*** INFORMATION PROVIDED

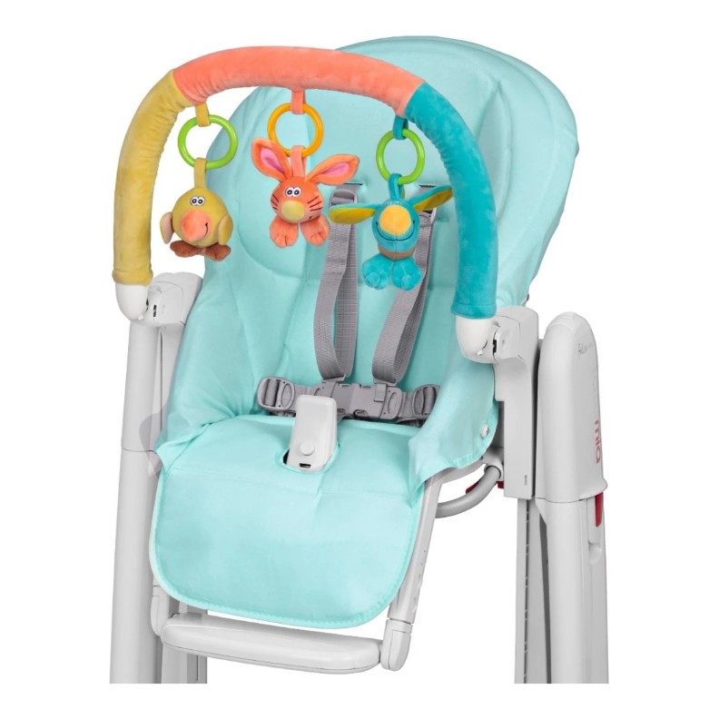 Комплект состоит из тонкой накидки, которая аккуратно надевается поверх основного чехла стульчика, а также пластиковой дуги с подвесными игрушками. Игрушки привлекают внимание малыша, способствуют развитию моторики и делают времяпрепровождение более интересным и увлекательным.
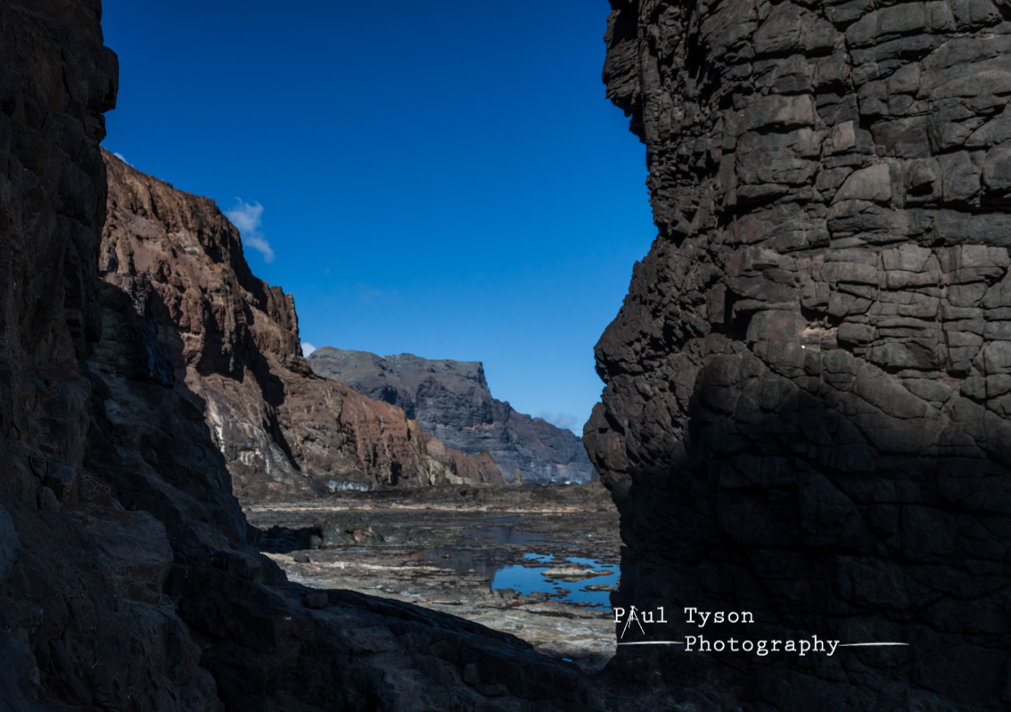We had to leave, we packed our bags and once more started to climb the steep sides of St Helena’s Southern Cliffs. The sun was setting, lights streamed through gaps in the rocks, creating striations of black and orange. The green slopes on the central ridge came into view in the distance, like an oil painting of colour, the greens of the peaks framed by deep blue above and orange, purples and reds of Sandy Bay amphitheatre below.
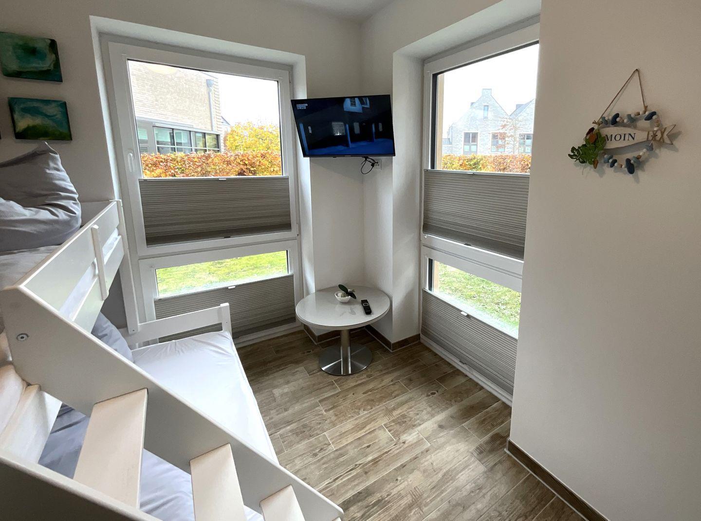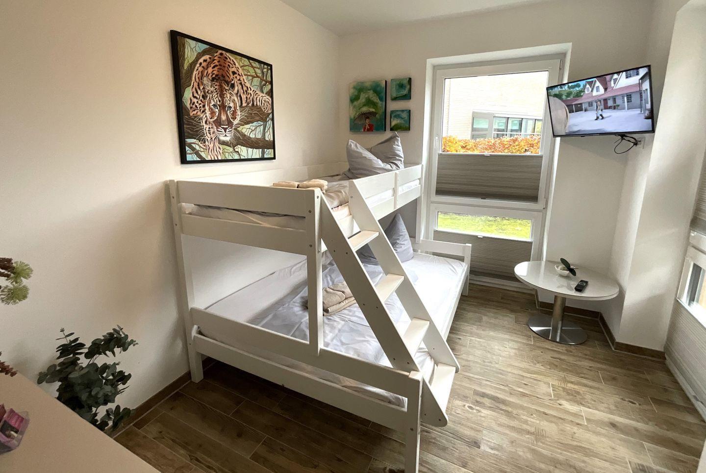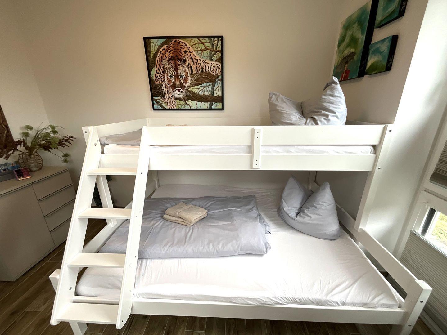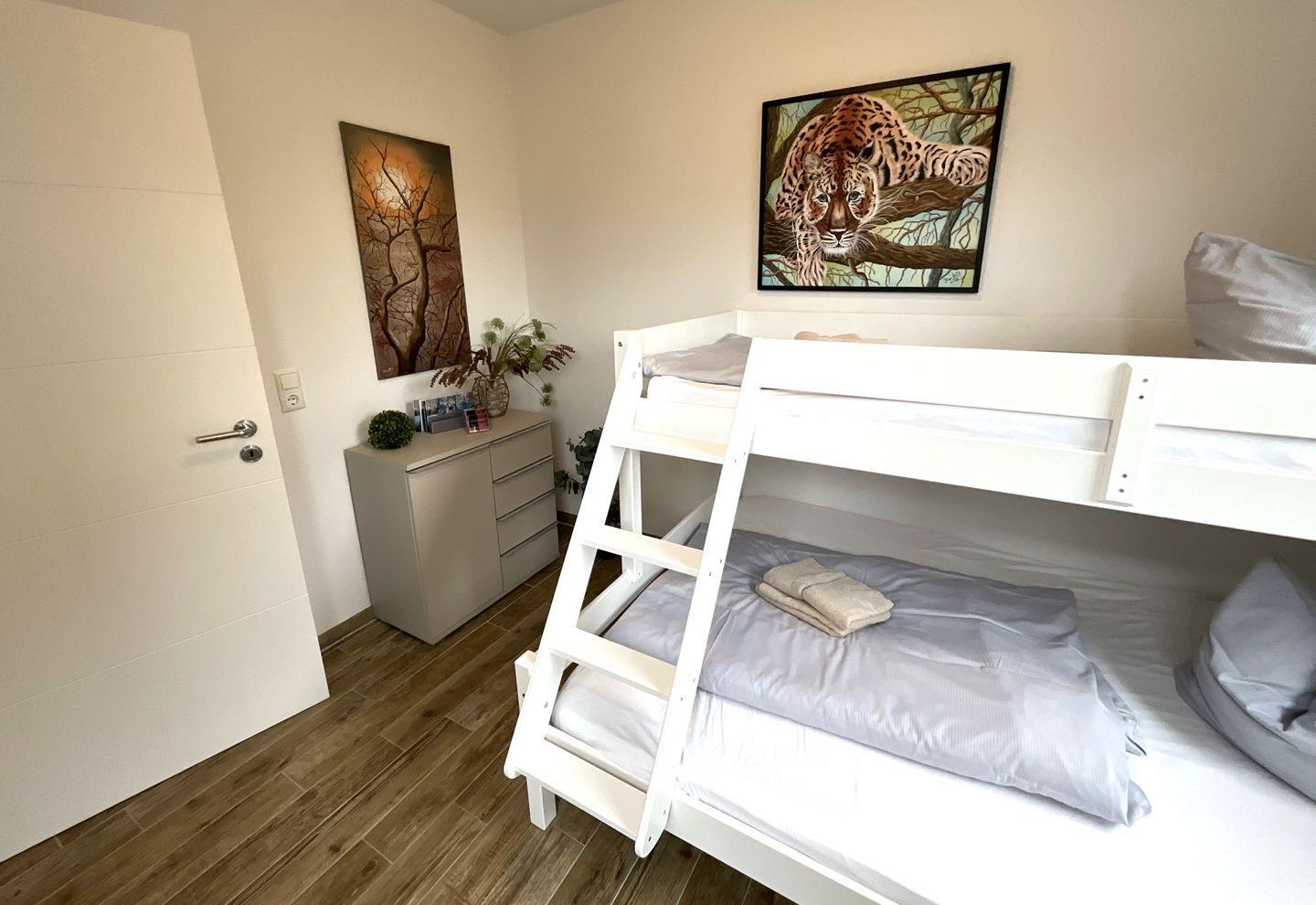 Das zweite Schlafzimmer ist mit einem Etagenbett ausgestattet, das untere Bett hat eine Liegefläche von 140x200 cm - das obere Bett ist 90x200 cm groß.

******

INSTRUCTIONS FOR THE TASK: Write out an exact copy of the lines beginning at the line that contains "We had to leave, we" and ending at the last line of the listing. Exclude pictures.

EXPECTED ANSWER:
We had to leave, we packed our bags and once more started to climb the steep sides of St Helena’s Southern Cliffs. The sun was setting, lights streamed through gaps in the rocks, creating striations of black and orange. The green slopes on the central ridge came into view in the distance, like an oil painting of colour, the greens of the peaks framed by deep blue above and orange, purples and reds of Sandy Bay amphitheatre below.
 Das zweite Schlafzimmer ist mit einem Etagenbett ausgestattet, das untere Bett hat eine Liegefläche von 140x200 cm - das obere Bett ist 90x200 cm groß.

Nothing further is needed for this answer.